I want to insert a set of n values expressed as a vector into a corresponding set of locations in a matrix. The real-world application involves inserting a set of n sea surface temperature values into an image of a region that is represented as a grid with dimension nrow x ncol > n in for which I have identified the n water pixels that should receive the temperature values. The problem I've run into is that the temperature values are ordered as if they were from a column-major matrix rather than the row-major ordering used to index the R grid.

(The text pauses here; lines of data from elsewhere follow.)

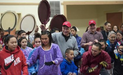 | Keywords: military ST. MARY'S, Alaska -- Alaska Gov. Bill Walker (center) and U.S. Senator Dan Sullivan (right) perform a traditional Yup'ik dance with students at the Elicarvicuar Elementary School here Dec. 5, 2015. The two joined a group of about 50 military members and volunteers who traveled here as part of Operation Santa Claus, an Alaska National Guard program to collect toys, school supplies and food staples and deliver them to school children in Alaska's remote communities. This mission was the second and final Op Santa mission of 2015. St. Mary's was the site of the original Operation Santa Claus in 1957. (U.S. Air National Guard photo by Capt. John Callahan/ Released) ST. MARY'S, Alaska -- Alaska Gov. Bill Walker (center) and U.S. Senator Dan Sullivan (right) perform a traditional Yup'ik dance with students at the Elicarvicuar Elementary School here Dec. 5, 2015. The two joined a group of about 50 military members and volunteers who traveled here as part of Operation Santa Claus, an Alaska National Guard program to collect toys, school supplies and food staples and deliver them to school children in Alaska's remote communities. This mission was the second and final Op Santa mission of 2015. St. Mary's was the site of the original Operation Santa Claus in 1957. (U.S. Air National Guard photo by Capt. John Callahan/ Released) |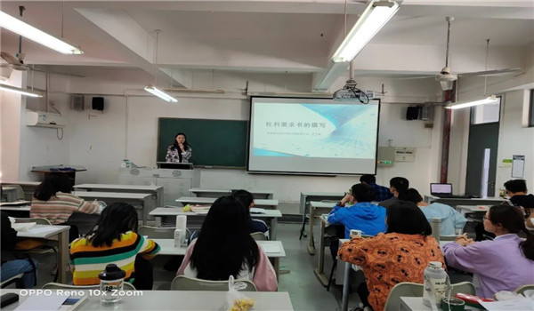 为加强学生对专利代理相关事务流程的了解,从11月开始,学院由张建超老师主讲的《专利法》课程根据专利代理师班的培养要求尝试了“企业进课堂”专题教学模式,由北京集佳知识产权代理公司东莞分公司连续四周安排公司实务专家给学生进校授课。
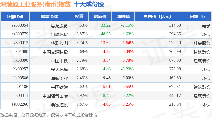 深港通工业服务(港币)(983056)指数十大成份股详情如下: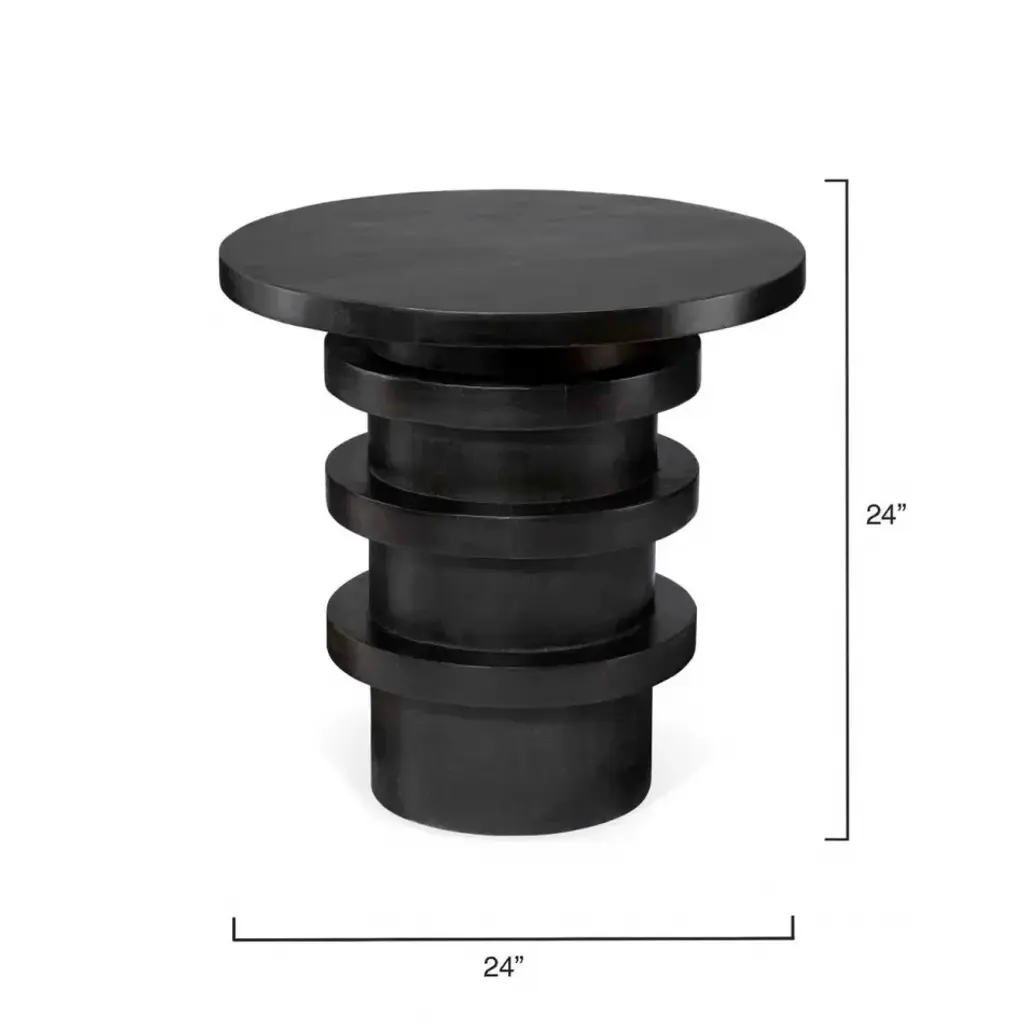 With architecturally inspired lines and industrial notes, the Revolve side table defies categorization. Hand-carved of mango wood by artisans this table features organic variations in finish and texture. Place this table next to a sofa, combine two or three in a seating area for versatile use or even use them as nightstands. Anywhere in your home, this side table is sure to be a favorite!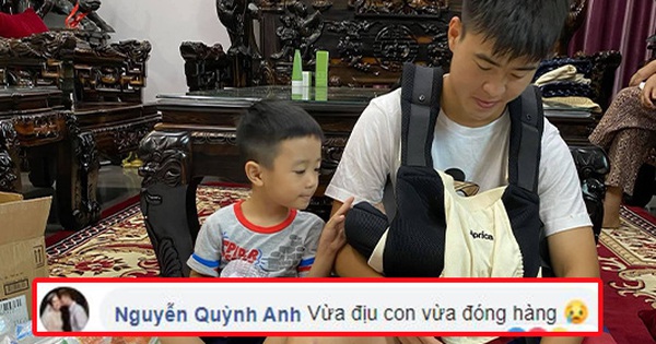 Trên Facebook cá nhân, Duy Mạnh chia sẻ bức ảnh anh chàng vừa địu con trai trước ngực, tay bận rộn gói những hộp mỹ phẩm. Anh chàng ngồi giữa đống hàng hóa của vợ, cúi đầu làm việc thực sự mang dáng vẻ của người đàn ông của gia đình, chăm chỉ lại dịu dàng thương yêu vợ con. Quỳnh Anh bình luận dưới bức ảnh như để mọi người hiểu hơn việc Duy Mạnh đang làm: "Vừa địu con vừa đóng hàng". Nàng WAGs còn kèm theo biểu tượng mặt buồn như thương và xót chồng lắm vậy.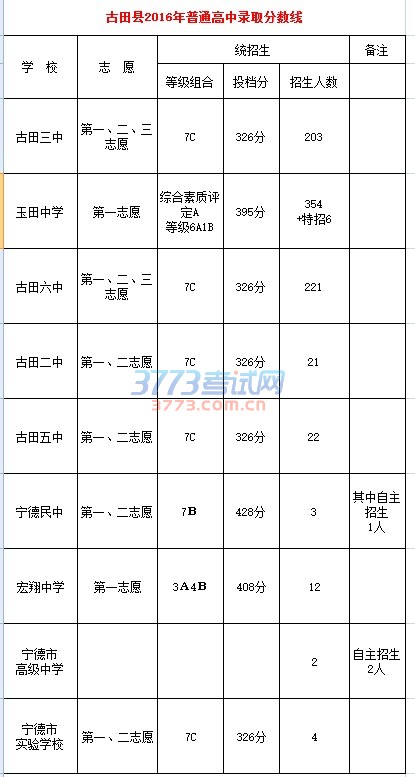 古田县2016年普通高中录取分数线 学 校 志 愿 统招生 备注 等级组合 投档分 招生人数 "宁德市实验学校" 第一、二志愿 7C 326分 4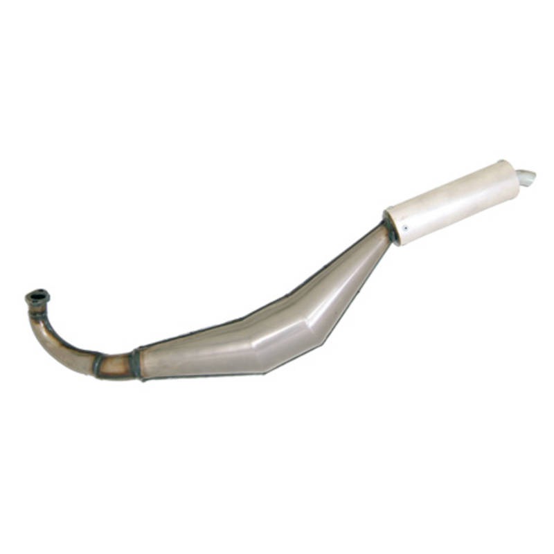 Die Racing von Simonini ist die wohl leistungsstärkste Rennauspuffanlge für Maxi-Motoren. Sie eignet sich besonders für die grösseren Kits über 63ccm und insbesondere für 75ccm Zylinder wo sie eine beeindruckende Leistung abgiebt. Die Referenzanlage auf Rennmofas ! Die Standartausführung ist klarlackiert und verfügt über einen Aluschalldämpfer.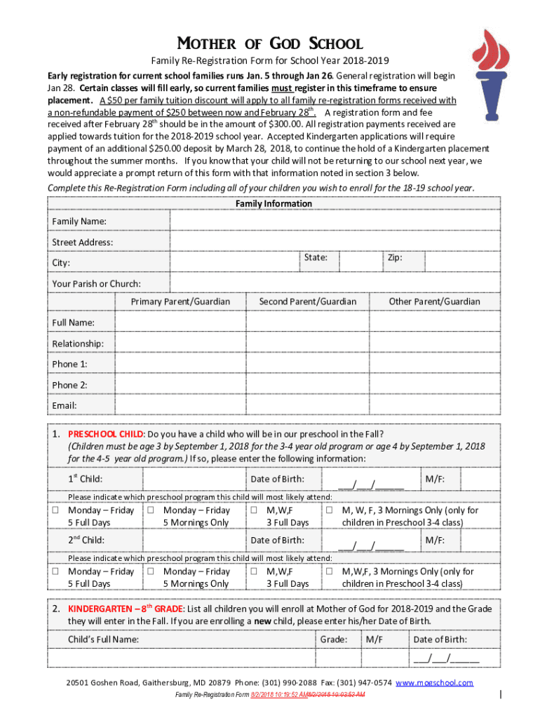 Family Preregistration Form for School Year 20182019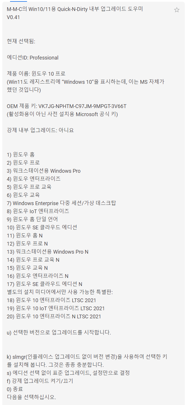 그냥 변경하고자하는 에디션의 제품키를 넣어주는게 가장 좋습니다.
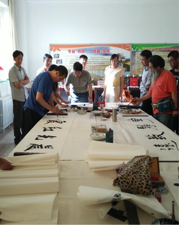 讲座结束后赵万顺先生、美术学院副院长杨皓教授、以及天水师范学院诗书画协会部分成员在beat365在线唯一官网登录会议室进行了书画笔会交流活动,在活动现场,为了弘扬我国悠久的历史文化,让更多学生得到艺术的熏陶,书画家们现场挥毫泼墨,以精湛的技艺尽展书画艺术魅力,并将现场创作的作品赠予参加活动的同学们。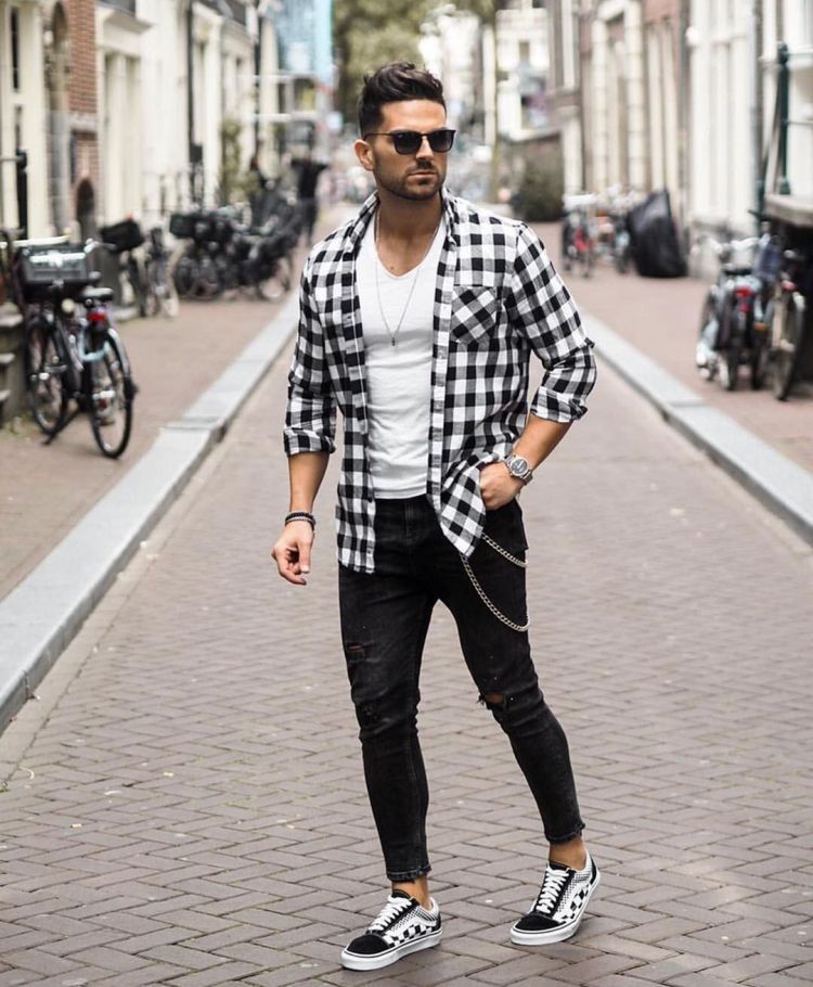 Гера — яркий представитель арт-движения в Краснодаре, успешный предприниматель, диджей и творческая личность, умеет быть всегда разным. Его образы всегда контрастны: то он демонстрирует крутые аксессуары, то выбирает простой минималистичный образ. Здесь Герард из простой базовой белой футболки и черных брюк смог сделать интересный и стильный лук. Сверху он надел классическое клетчатое пальто и классные ботинки. Идеальный пример того, как в простых вещах выглядеть всегда уместно, но при этом секси!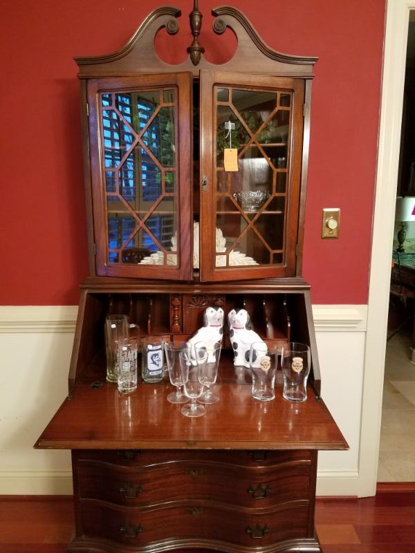 Furniture: dining table and 6 chairs with 2 leaves, lighted china cabinet, drop leaf bar, antique slim secretary, light wood kitchen table and 4 chairs, sofas, 3 coffee tables, brass, glass, wicker and wood side tables, Henredon club chairs, gilt buffet chest, upholstered and leather side chairs, leather recliner, leather double recliner sofa, book cases, standing photo frames screen, dark flat screen credenza, stone top buffet, California King poster bed, full bookcase headboard bed, armoire, gentleman's L desk with matching side cabinet, green leather desk chair, Chippendale mahogany hanging shelf with drawers, iron baker's rack with marble shelves, pair metal red seat bar chairs, pair larger iron bar chairs with arms, iron desk chair with cushion,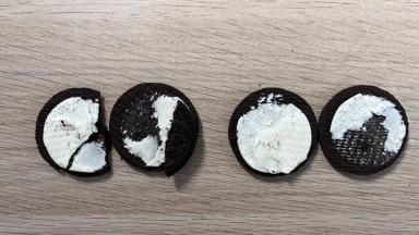 研究者先用手工扭动的方式处理了一小包奥利奥。发现没有一块奥利奥夹心能被平均分开。有时还会出现饼干破碎等意外。
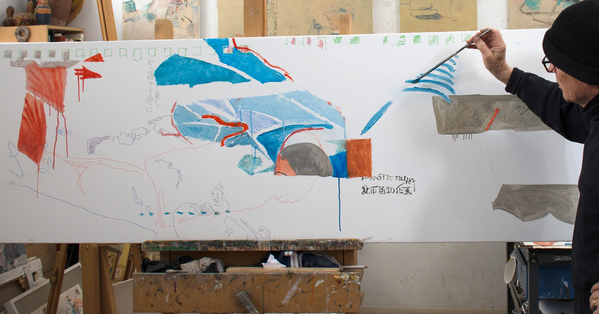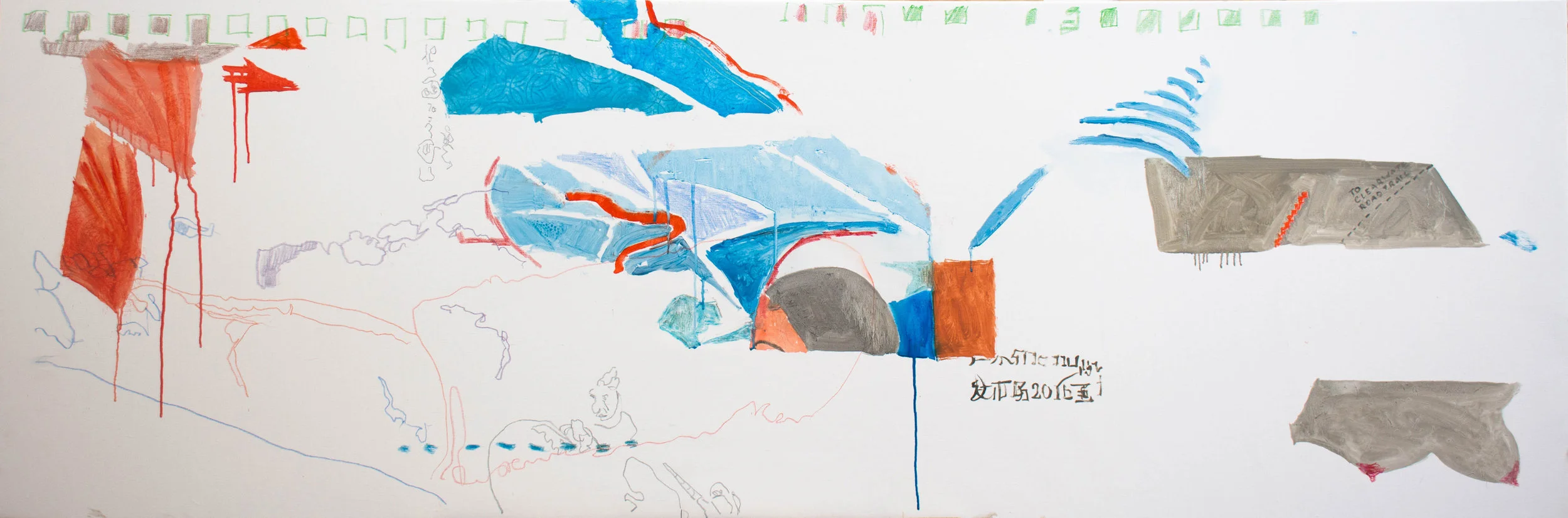 2:45 PM: i was moved to start this rather large, for me, canvas by doing a riff on two of my 2015 collages, knowing me, it will likely morph as soon as we return form our short trip. for the moment, it’s a shift in my energy, which i needed after painting all those rocks! there is great joy in painting on a freshly stretched piece of french portrait linen, which accepts the brush like a true lover. we’ll see what happens on saturday, when i’m back in my studio.

Here is a toy example of what I mean.
> grid <- matrix(0,4,4)
> grid # define the base grid
[,1] [,2] [,3] [,4]
[1,] 0 0 0 0
[2,] 0 0 0 0
[3,] 0 0 0 0
[4,] 0 0 0 0
> temps <- c(9,9,9,9,9) # we have 5 temperature values
> locs <- c(2,3,4,6,7) # locations in the base grid that are water
> grid[locs] <- temps # not really what I want - substitution in row-major order
> grid
[,1] [,2] [,3] [,4]
[1,] 0 0 0 0
[2,] 9 9 0 0
[3,] 9 9 0 0
[4,] 9 0 0 0
The desired result would be rather:
[,1] [,2] [,3] [,4]
[1,] 0 9 9 9
[2,] 0 9 9 0
[3,] 0 0 0 0
[4,] 0 0 0 0
I suppose I could play with transposing the grid, doing the substitution and then transposing it back, but I'd think there would be a better way to approach this problem.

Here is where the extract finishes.